Researchers bring sensing capabilities to paper using RFID

GRAPHIC DISPLAY: PaperID technology can be used to generate onscreen imagery

Researches from the University of Washington, Disney Research and Carnegie Mellon University have created a way to give a piece of paper sensing capabilities that enable it to respond to gesture commands and connect to the digital world using RFID tags that can be stuck, printed or drawn on the paper.

“The technology — PaperID — leverages inexpensive, off-the-shelf RFID tags which function without batteries but can be detected through a reader device placed in the same room as the tags,” the researchers say. “Each tag has a unique identification so a reader’s antenna can pick out an individual among many.

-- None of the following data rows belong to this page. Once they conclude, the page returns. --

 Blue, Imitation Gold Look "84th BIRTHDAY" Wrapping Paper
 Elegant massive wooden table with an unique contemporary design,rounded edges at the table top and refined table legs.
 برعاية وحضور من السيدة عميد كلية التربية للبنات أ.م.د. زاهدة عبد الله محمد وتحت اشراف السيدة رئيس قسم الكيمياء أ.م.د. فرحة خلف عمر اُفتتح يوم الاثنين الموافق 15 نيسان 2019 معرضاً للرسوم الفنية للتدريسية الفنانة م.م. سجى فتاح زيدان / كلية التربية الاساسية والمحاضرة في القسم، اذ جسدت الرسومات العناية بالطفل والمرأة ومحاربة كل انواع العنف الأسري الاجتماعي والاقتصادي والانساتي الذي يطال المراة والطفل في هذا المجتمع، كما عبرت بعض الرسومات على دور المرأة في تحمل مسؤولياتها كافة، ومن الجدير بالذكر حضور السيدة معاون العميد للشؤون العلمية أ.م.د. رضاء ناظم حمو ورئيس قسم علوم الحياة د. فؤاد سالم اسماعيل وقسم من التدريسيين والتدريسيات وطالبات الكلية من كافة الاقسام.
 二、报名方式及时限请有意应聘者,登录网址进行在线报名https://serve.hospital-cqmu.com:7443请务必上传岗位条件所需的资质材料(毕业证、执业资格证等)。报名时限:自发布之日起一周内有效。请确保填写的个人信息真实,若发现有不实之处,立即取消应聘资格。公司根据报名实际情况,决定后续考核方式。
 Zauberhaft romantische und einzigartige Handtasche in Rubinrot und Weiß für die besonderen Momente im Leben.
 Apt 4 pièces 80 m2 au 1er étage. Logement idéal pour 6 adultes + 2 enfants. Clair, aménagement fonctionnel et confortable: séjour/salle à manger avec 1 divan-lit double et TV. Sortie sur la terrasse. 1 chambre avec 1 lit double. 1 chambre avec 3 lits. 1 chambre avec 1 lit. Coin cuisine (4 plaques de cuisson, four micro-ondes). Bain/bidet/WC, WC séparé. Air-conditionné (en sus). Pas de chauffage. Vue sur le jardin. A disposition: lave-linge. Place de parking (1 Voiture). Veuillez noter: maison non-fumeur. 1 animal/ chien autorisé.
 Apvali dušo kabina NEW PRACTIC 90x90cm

“These tags only cost about 10 cents each and can be stuck onto paper. Alternatively, the simple pattern of a tag’s antenna can also be drawn on paper with conductive ink.

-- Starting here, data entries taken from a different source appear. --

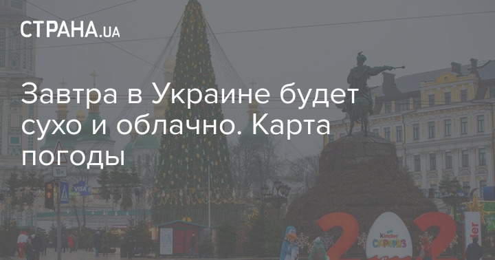 Завтра в Украине будет сухо и облачно. Карта погоды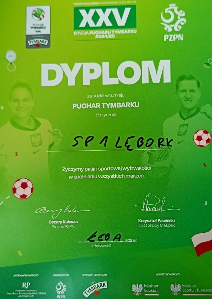 7 kwietnia br. w Łebie odbył się XXV Powiatowy Turniej o Puchar Tymbarku w kategorii wiekowej U-12 chłopców. W zawodach udział wzięło 5 drużyn. Nasza szkolna drużyna kolejno wygrywała 9:0 z NSP w Bukowinie, 11:0 z SP w Maszewie Lęborskim, 2:1 z SP w Nowej Wsi Lęborskiej oraz 7:4 z SP w Łebie. Opisane wygrane mecze oznaczają, że naszą drużynę czeka walka w wojewódzkim etapie turnieju, który odbędzie się w maju.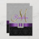La elegancia sofisticada se transmite por este hermoso diseño de invitación de recepción de boda. Un patrón de damasco gris y negro sobre negro sirve como fondo para un efecto de foto de la inicial dorada metálica M y una cinta de satén púrpura y un broche de diamantes TODO IMPRESO en una tarjeta plana. Una forma perfecta de invitar a sus invitados a su recepción de boda. Patrón de damasco contemporáneo, pero clásico con un diseño que le permite personalizar la parte frontal con sus nombres o la palabra "recepción" y la parte posterior es libre de agregar el texto de invitación de recepción de boda personalizado. La invitación de boda está configurada para la inicial del monograma "M". Para otras letras, por favor contacte al diseñador en luxuryweddinginvitations@gmail.com. Diseño de Elke Clarke©. Gráficos licenciados. Además, elija entre una variedad de fuentes y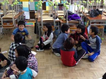 総合の時間に、友だちのことをもっと知るためのアクティビティをしました。名前は「共通点をさがせ!」3〜4人組を作って、そのグループ全員の共通点を見つけ出し、発表し合いました。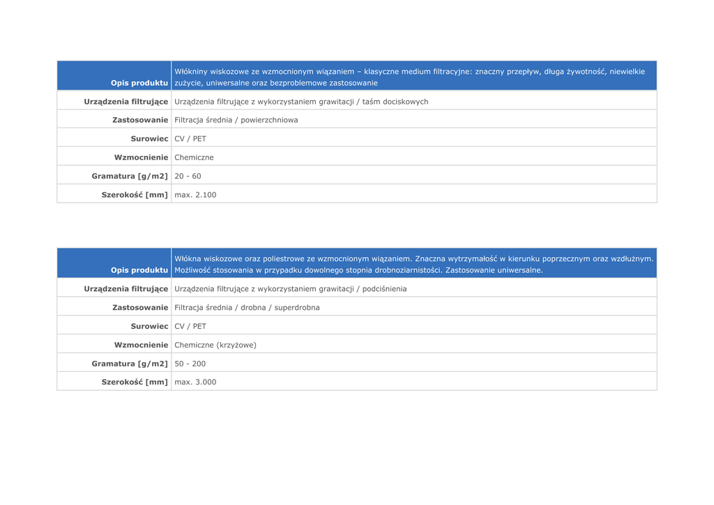 Włókniny wiskozowe ze wzmocnionym wiązaniem – klasyczne medium filtracyjne: znaczny przepływ, długa żywotność, niewielkie Opis produktu zużycie, uniwersalne oraz bezproblemowe zastosowanie Urządzenia filtrujące Urządzenia filtrujące z wykorzystaniem grawitacji / taśm dociskowych Zastosowanie Filtracja średnia / powierzchniowa Surowiec CV / PET Wzmocnienie Chemiczne Gramatura [g/m2] 20 - 60 Szerokość [mm] max. 2.100 Włókna wiskozowe oraz poliestrowe ze wzmocnionym wiązaniem. Znaczna wytrzymałość w kierunku poprzecznym oraz wzdłużnym. Opis produktu Możliwość stosowania w przypadku dowolnego stopnia drobnoziarnistości. Zastosowanie uniwersalne. Urządzenia filtrujące Urządzenia filtrujące z wykorzystaniem grawitacji / podciśnienia Zastosowanie Filtracja średnia / drobna / superdrobna Surowiec CV / PET Wzmocnienie Chemiczne (krzyżowe) Gramatura [g/m2] 50 - 200 Szerokość [mm] max. 3.000 Poliester / polipropylen. Włóknina igłowa mechanicznie utwardzona o znacznej wytrzymałości chemicznej. Głębokie media Opis produktu filtracyjne o znacznej chłonności. Dla dowolnego urządzenia filtrującego Filtracja superdrobna Urządzenia filtrujące Filtracja głęboka Zastosowanie Filtracja średnia / drobna / superdrobna Surowiec PET / PP Mechaniczne igłowane, Wzmocnienie Termiczne Gramatura[g/m2] 60-400 Szerokość [mm] Max. 3.200 Termicznie wiązany poliester, polipropylen, włóknina otrzymywana metodą „spod filiery”. Znaczna wytrzymałość w kierunku Opis produktu poprzecznym oraz wzdłużnym. Zastosowanie uniwersalne. Urządzenia filtrujące Urządzenia filtrujące podciśnieniowe oraz próżniowe Zastosowanie Filtracja powierzchowna / średnia Surowiec PET / PP Wzmocnienie Termiczne, włókienne Gramatura [g/m2] 16 - 300 max. 3.200 PP Szerokość [mm] max. 2.150 PET Poliester/Polipropylen. Termicznie wiązany materiał włókninowy, przeznaczony do kwasów, ługu, twardej wody, środków o Opis produktu wysokiej lepkości. Dzięki otwartej porowatości przeznaczony szczególnie dla olei mineralnych. Urządzenia filtrujące Urządzenia filtrujące z wykorzystaniem grawitacji Zastosowanie Filtracja powierzchniowa / średnia Surowiec PET / PP / CV Wzmocnienie Termiczne Gramatura [g/m2] 16-100 Szerokość [mm] max. 2.100mm

“When a person’s hand waves, touches, swipes or covers a tag, the hand disturbs the signal path between an individual tag and its readers. Algorithms can recognise the specific movements, then classify a signal interruption as a specific command. For example, swiping a hand over a tag placed on a pop-up book might cause the book to play a specific, programmed sound.”

Interaction methods

“The researchers developed different interaction methods to adapt RFID tags depending on the type of interaction that the user wants to achieve,” the researchers add. “For example, a simple sticker tag works well for an on/off button command, while multiple tags drawn side-by-side on paper in an array or circle can serve as sliders and knobs.

“They also can track the velocity of objects in movement, such as following the motion of a tagged paper conductor’s wand and adjusting the pace of the music based on the tempo of the wand in mid-air.

“This technique can be used on other mediums besides paper to enable gesture-based sensing capabilities. The researchers chose to demonstrate on paper in part because it’s ubiquitous, flexible and recyclable, fitting the intended goal of creating simple, cost-effective interfaces that can be made quickly on demand for small tasks.”

A video gives an overview of PaperID:


“These little tags, by applying our signal processing and machine learning algorithms, can be turned into a multi-gesture sensor,” says Hanchuan Li, a University of Washington doctoral student in computer science and engineering.

“Our research is pushing the boundaries of using commodity hardware to do something it wasn’t able to do before.”

“Ultimately, these techniques can be extended beyond paper to a wide range of materials and usage scenarios,” adds Alanson Sample, research scientist at Disney Research. “What’s exciting is that PaperID provides a new way to link the real and virtual worlds through low cost and ubiquitous gesture interfaces.”